Они были совсем непохожи на те, которые делал старый Иути! Здесь не было фигур, выразительно выделявшихся на плоскости и требовавших при обработке большого труда. Нет, на этих плитах были вырезаны только контуры, а окружавшая поверхность оставалась нетронутой. Это создавало впечатление, будто рисунок утопал в камне. Темные края углублений обостряли очертания рисунка. Их тени вносили в изображение какое-то беспокойство. Беспокойство? Нет, жизнь!

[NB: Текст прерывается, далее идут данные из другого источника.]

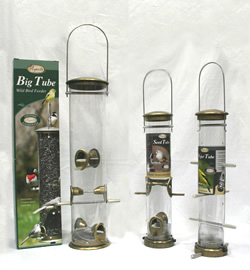 Tube feeders attract the smaller backyard songbirds - chickadees, titmice, finches, nuthatches. Fill tube feeders with black oil sunflower seed or use safflower seed if squirrels are a problem. Tube feeders made by Aspects have become our favorites and best sellers! Aspects tubes are made of super-tough polycarbonate; the die cast top and bottom have an antique brass finish. For feeding sunflower seed, safflower seed or a high quality mixed seed, choose either the “Big Tube Feeder” which has 6 feeding stations and holds 3½ quarts of seed or the “Medium Seed Tube” which holds 1¼ quarts and has 4 feeding stations. For feeding nyjer seed (thistle) to attract goldfinches, the “Medium
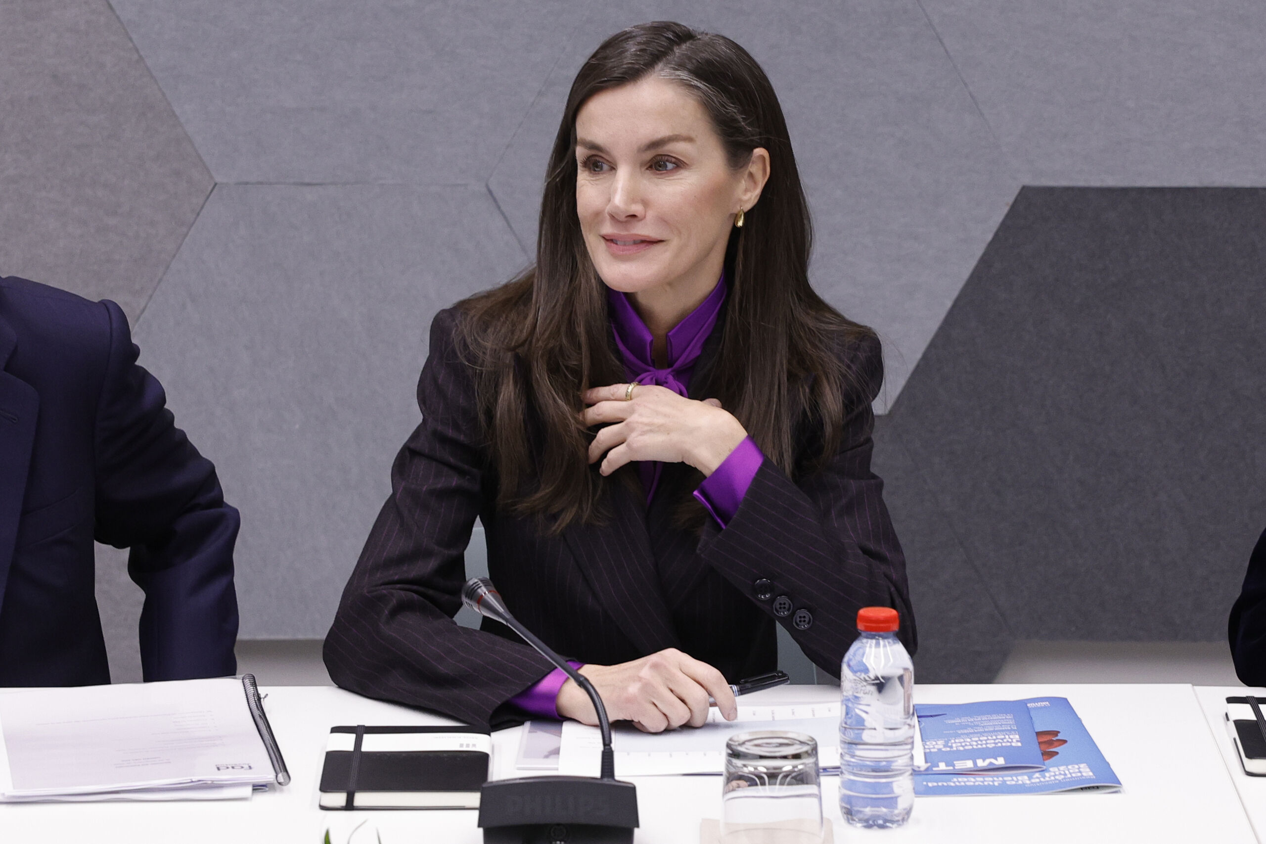 Para esta reunión, ha vuelto a optar por uno de sus looks de trabajo preferidos: traje pantalón con blazer a juego y camisa con maxi lazada en el cuello con la que rompe la sobriedad del traje. En esta ocasión, ha estrenado un nuevo traje sastre de color gris y raya diplomática de Hugo Boss, con americana cruzada y pantalón de talle alto, con camisa en color morado que estrenó en 2009 con lazo, cuello elevado, detalle de raso en el cuello y mangas semitransparentes, y que volvió a lucir ese mismo año en una audiencia con la Diputación Permanente y Consejo de la Grandeza de España en Madrid. Una camisa firmada por quién fuera su modisto de cabecera durante muchos años, Felipe Varela, y del que ya no utiliza prendas desde 2019 ni tiene tampoco el "monopolio" de su vestidor.
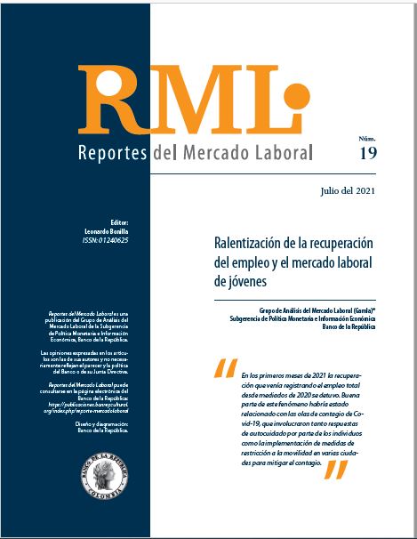 La serie de Reportes del Mercado Laboral (RML) es una publicación trimestral del Grupo de Análisis del Mercado Laboral (Gamla) del Banco de la República, creado en 2017. Las opiniones y posibles errores son responsabilidad exclusiva del autor y sus contenidos no comprometen al Banco de la República ni a su Junta Directiva.

Как трепещут повязки, обвивающие короны царской супружеской четы, ниспадая им на шеи! Как свободно перекинулся через перила балкона царь, раздаривающий своим фаворитам дорогие ожерелья и золотые браслеты! Как обвивает царевна своими ручонками шею матери!

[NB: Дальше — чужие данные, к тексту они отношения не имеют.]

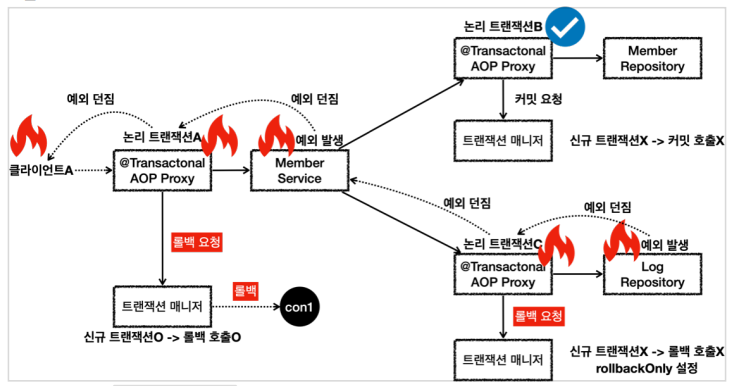 - 논리 트랜잭션 중 하나라도 롤백되면 전체 트랜잭션 롤백 (rollbackOnly = true 자동 표시)
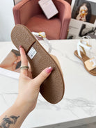Celine 25C Lympia Sandal Beige mix White Fabric with Calfskin 238161
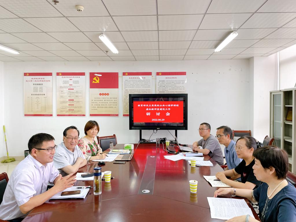 6月29日上午,教育部“长三角高校公共心理学课程虚拟教研室”建设工作研讨会在永利集团304am登录行知楼706会议室召开,永利集团304am登录党委委员、副院长周端明,虚拟教研室负责人姚本先教授,教师教育学院院长李群教授,心理系教研室主任吴桂翎教授及教师代表蒋名平、姚琼、胡哲老师参加会议。
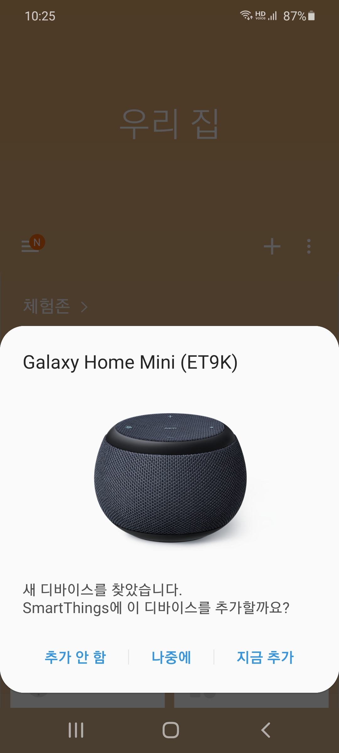 SmartThings 앱이 열리고, Galaxy Home Mini를 자동 인식하여 디바이스를 추가할 것인지 물어본다.

И над всей этой цветущей, прекрасной жизнью – изображение солнечного диска, образ Атона, который осеняет своими лучами каждого из них.

Тутмос не говорит ни слова. Он молча переходит от одной плиты к другой. Он впивается в них глазами, иногда слегка касаясь камня рукой. Он так увлекся, что не заметил, как спутники оставили его одного.

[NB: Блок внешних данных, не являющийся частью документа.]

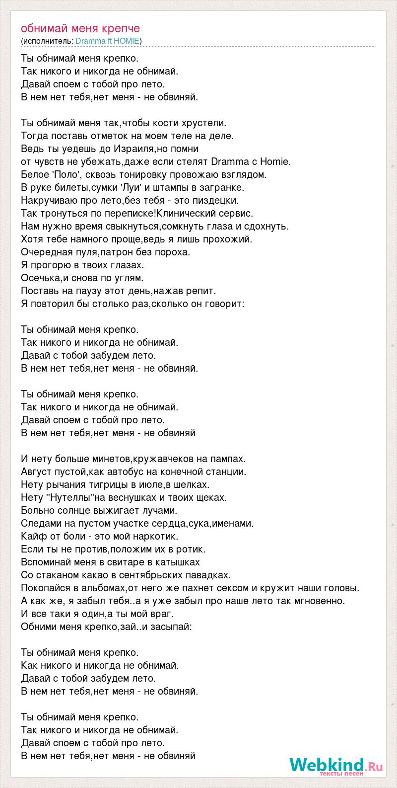 Ты обнимай меня крепко. Так никого и никогда не обнимай. Давай споем с тобой про лето. В нем нет тебя,нет меня - не обвиняй. Ты обнимай меня так,чтобы кости хрустели. Тогда поставь отметок на моем теле на деле. Ведь ты уедешь до Израиля,но помни от чувств не убежать,даже если стелят Dramma с Homie. Белое 'Поло', сквозь тонировку провожаю взглядом. В руке билеты,сумки 'Луи' и штампы в загранке. Накручиваю про лето,без тебя - это пиздецки. Так тронуться по переписке!Клинический сервис. Нам нужно время свыкнуться,сомкнуть глаза и сдохнуть. Хотя тебе намного проще,ведь я лишь прохожий. Очередная пуля,патрон без пороха. Я прогорю в твоих глазах. Осечька,и снова по углям. Поставь на паузу этот день,нажав репит. Я повторил бы столько раз,сколько он говорит: Ты обнимай меня крепко. Так никого и никогда не обнимай. Давай с тобой забудем лето. В нем нет тебя,нет меня - не обвиняй. Ты обнимай меня крепко. Так никого и никогда не обнимай. Давай споем с тобой про лето. В нем нет тебя,нет меня - не обвиняй И нету больше минетов,кружавчеков на пампах. Август пустой,как автобус на конечной станции. Нету рычания тигрицы в июле,в шелках. Нету ''Нутеллы''на веснушках и твоих щеках. Больно солнце выжигает лучами. Следами на пустом участке сердца,сука,именами. Кайф от боли - это мой наркотик. Если ты не против,положим их в ротик. Вспоминай меня в свитаре в катышках Со стаканом какао в сентябрьских павадках. Покопайся в альбомах,от него же пахнет сексом и кружит наши головы. А как же, я забыл тебя..а я уже забыл про наше лето так мгновенно. И все таки я один,а ты мой враг. Обними меня крепко,зай..и засыпай: Ты обнимай меня крепко. Как никого и никогда не обнимай. Давай с тобой забудем лето. В нем нет тебя,нет меня - не обвиняй. Ты обнимай меня крепко. Так никого и никогда не обнимай. Давай споем с тобой про лето. В нем нет тебя,нет меня - не обвиняй

Вскоре Бак вернулся в сопровождении Ипу, в руках он нес сосудик с черной краской и тростинку для письма.

– Ну, а теперь рисуй, – сказал он Тутмосу и протянул ему принадлежности для письма.

– Что рисовать, мой господин? Выезд на колеснице? Или раздачу даров? Или?..

– Нет, совсем не это! Людей, которые могут работать по образцам, у меня достаточно! Нарисуй мне что-нибудь, что придет тебе в голову. Что-нибудь совсем простое. Например, девушку, сидящую на подушке перед столиком, на котором лежит жареная утка.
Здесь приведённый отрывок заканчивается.